A package that portrayed a sub ethnic irredentist as a saint to clear the Augean stable of corruption and successfully did that would sustain any power monger in office.
Robert Mugabe, Yoweri Museveni, Paul Kigame came to power at the crucial points in their country’s national development. They have made landmark contributions and would have voluntarily stepped down while the ovation is loudest. Not yet, not with the social media that could help them steal the shows, and steal the country.

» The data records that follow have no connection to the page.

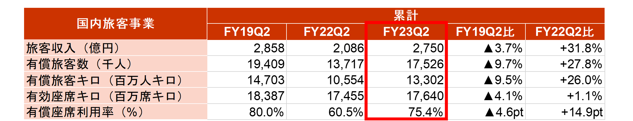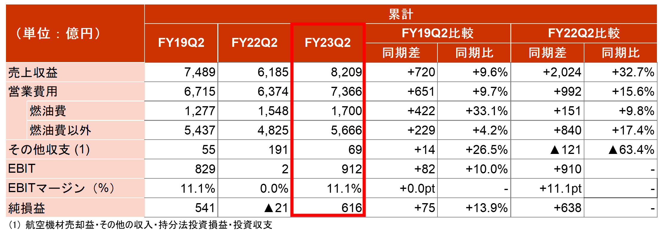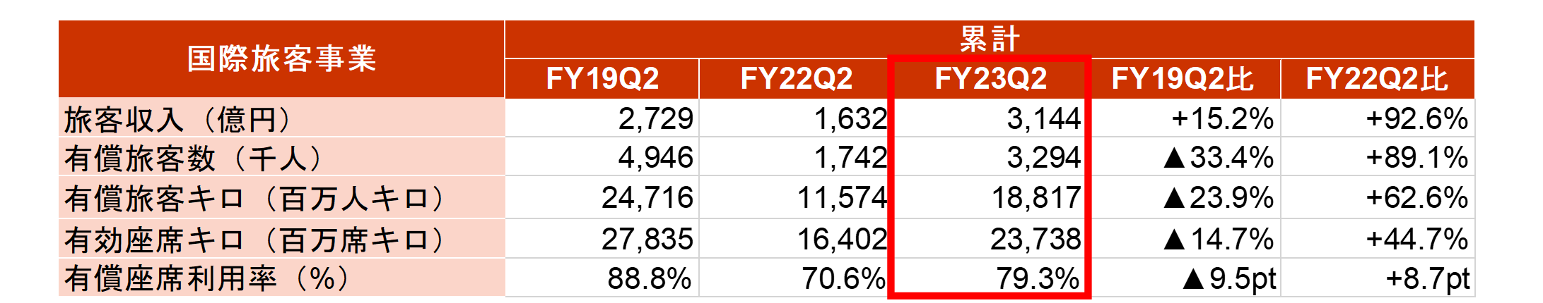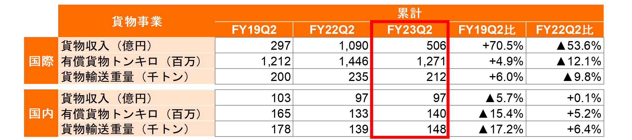 第1四半期に引き続き、第2四半期においても国際旅客は好調な海外発需要に加え、日本発需要も回復基調にあり、当社の期初時点の想定を上回って推移しました。また、国内旅客についても観光需要がコロナ前同水準の旅客数まで順調に回復するなど、航空旅客需要は全体的に順調な回復がみられました。
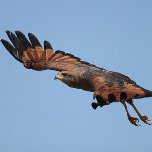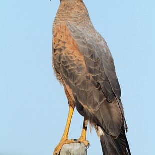 A espécie mede cerca de 55 centímetros de comprimento, com plumagem ferrugínea. O adulto é todo marrom avermelhado, com a ponta das asas e cauda negras e penas longas. Possui uma faixa branca, estreita, na cauda. Pernas e pele nua das narinas, amarelas. Bico negro e olho marrom avermelhado. Como em outros gaviões, o jovem é muito diferente. Cores apagadas, cinza amarronzado nas costas e barriga creme, com riscos verticais escuros e uma semi-coleira escura. Sobre os olhos, uma listra clara. A cauda é creme, com finas listras escuras. Faixa larga subterminal negra. Penas longas das asas com listras finas e ponta negra.
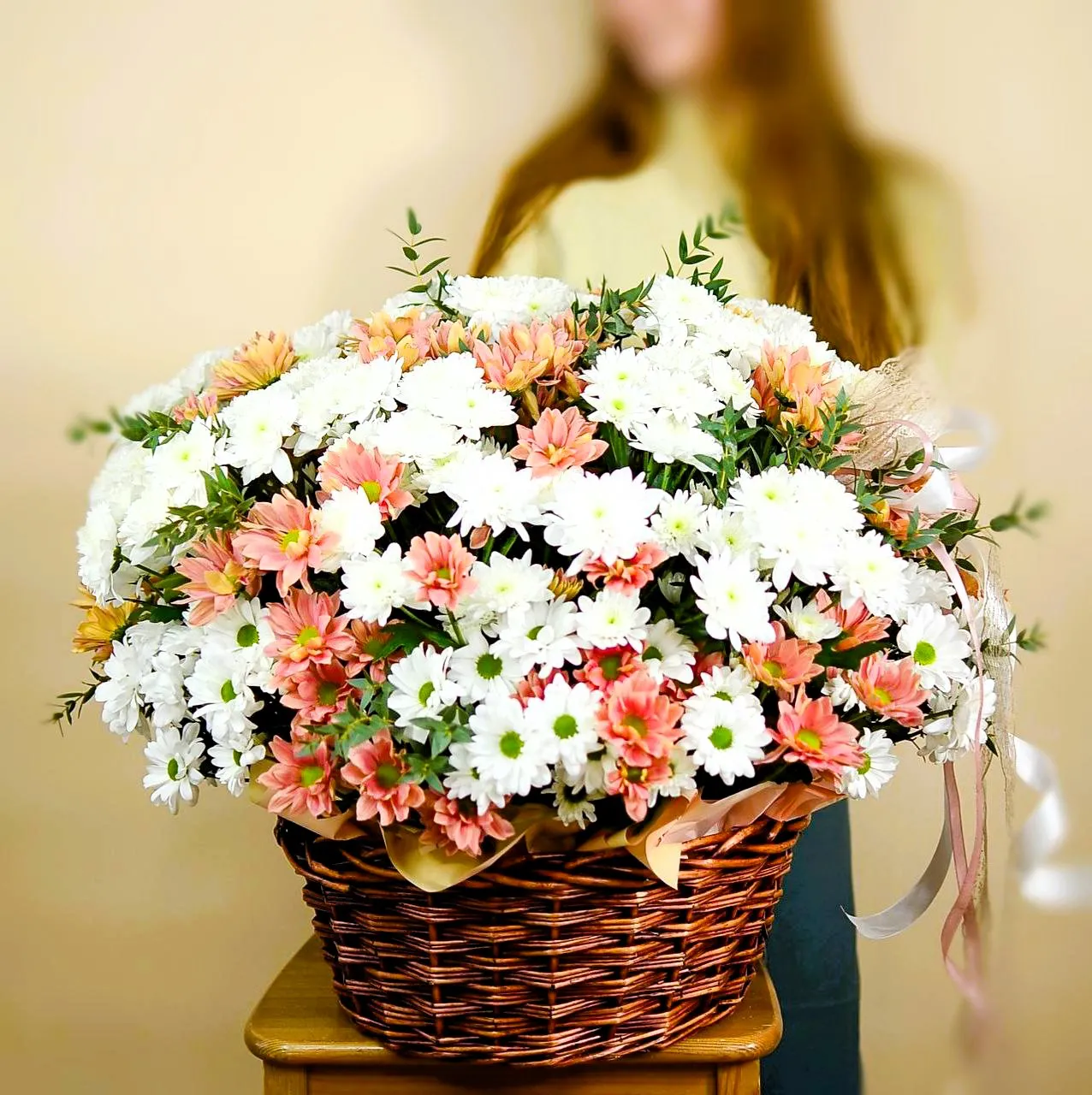 Порадуйте своих родных и близких, выбрав корзину с кустовыми хризантемами, которая, несомненно, принесет радость и хорошее настроение.
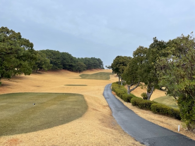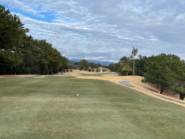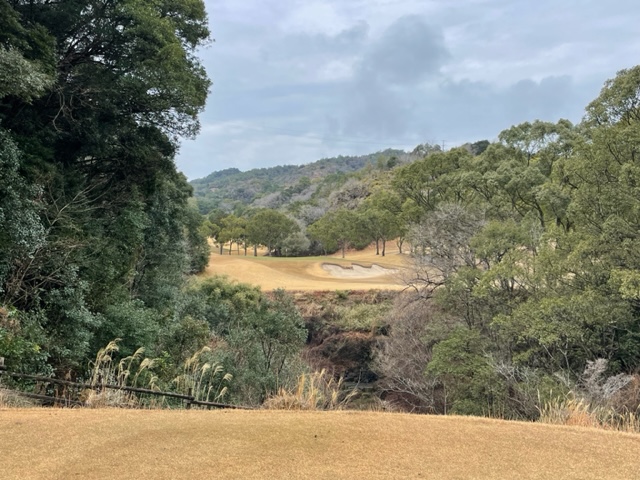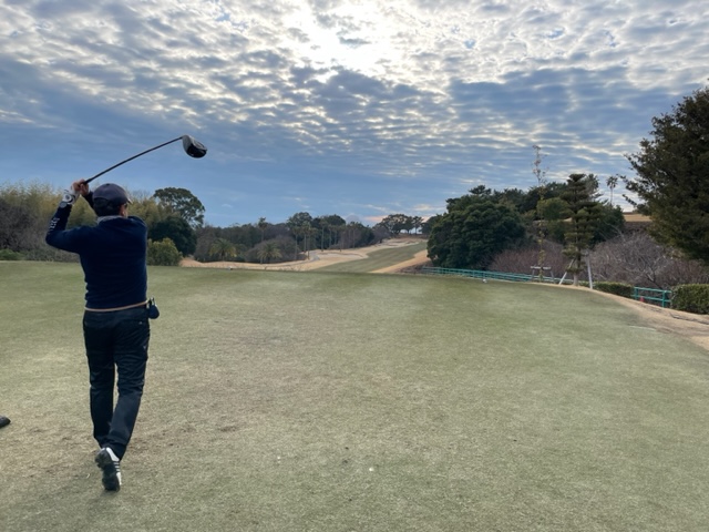 9番370yミドルは、ドライバーはナイス。残り150y上りを6アイアンで打つも引っ掛かりバンカーイン。ここからなんとか3mに寄せたが、パターがショボ。入らずボギー。ここも無難にパーとしたH.Kさんは中継ホールを全部パーの室戸を38回。素晴らしい。
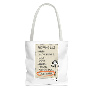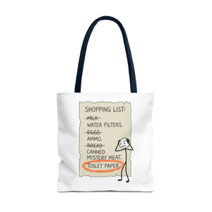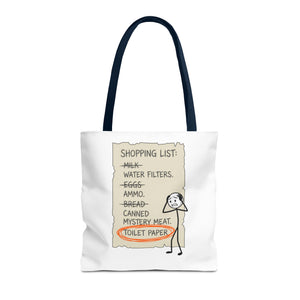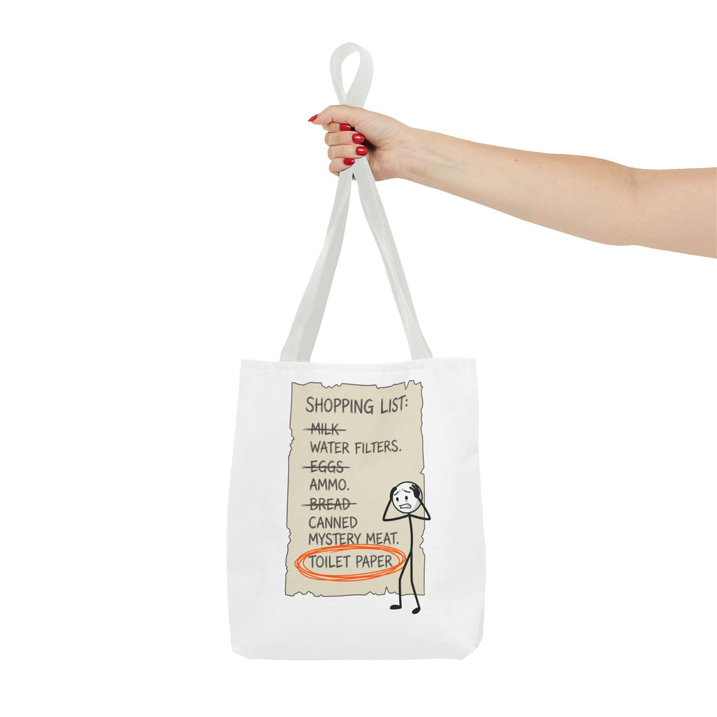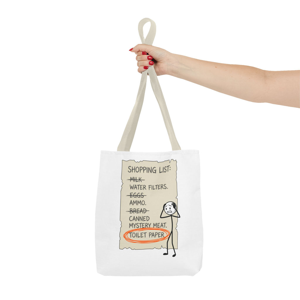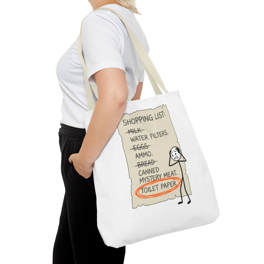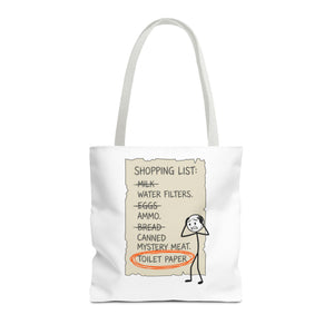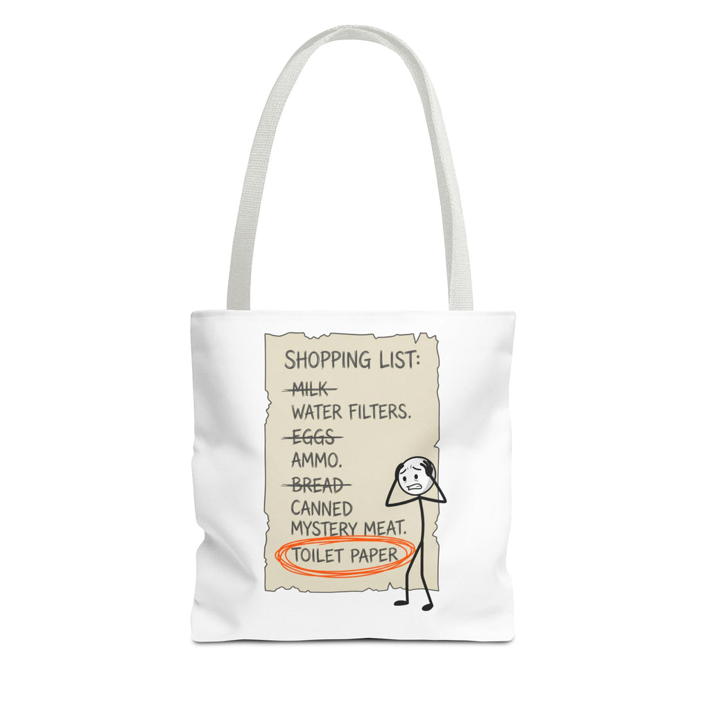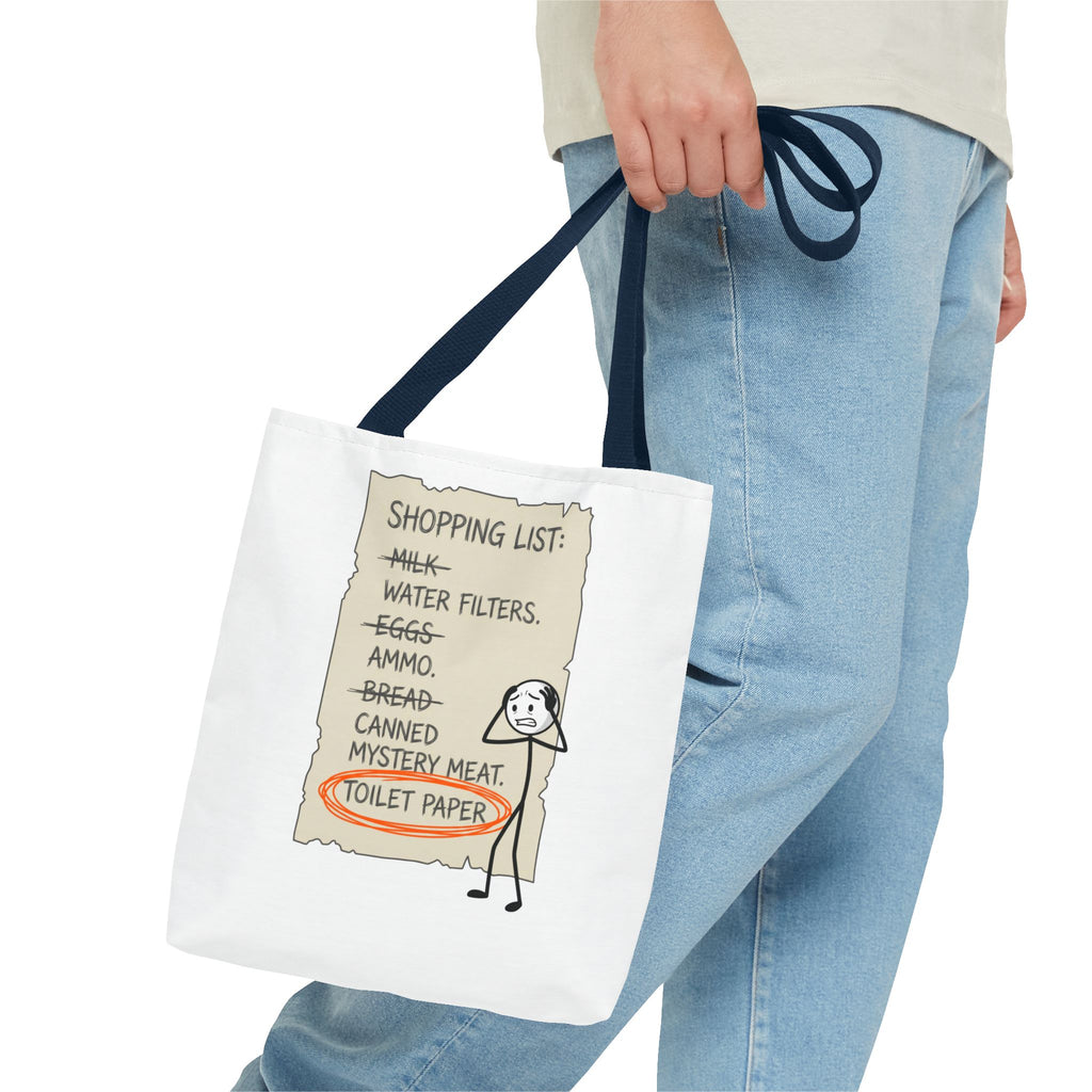 In the post-society economy, we don't trade in crypto or gold; we trade in 2-ply. This tactical haulage unit displays the definitive scavenger's manifesto. While amateurs are looking for "Milk" or "Ammo," the true survivalist knows the real panic sets in when the bathroom supply drops to zero. The graphic features a distressed operator realizing that the most critical resource is the one highlighted in hazard orange. Use this bag to focus your looting runs on what really matters—because you can survive without bread, but you really don't want to survive without paper.
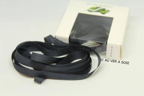 Un ruban tissé à partir de trame pure soie et teint en écheveaux pour garantir une couleur unie.

It is like the proverbial tortoise being persuaded to leave an occasion but insisting that ‘not until he has been disgraced’. It is the world of hackers. They are within and without, domestic and public. Highly diversified, they are pastors and some are imams. The other day, a former Vice Chancellor attempted to get N350 million of a university account, the attempt was foiled. If that is not hacking, tell us what it is. When the governor of a state claimed they were looking for some N2 billion to settle Fulani herdsmen was it not which account to hack to make an illicit payment.
Who may save us from this generation of hackers?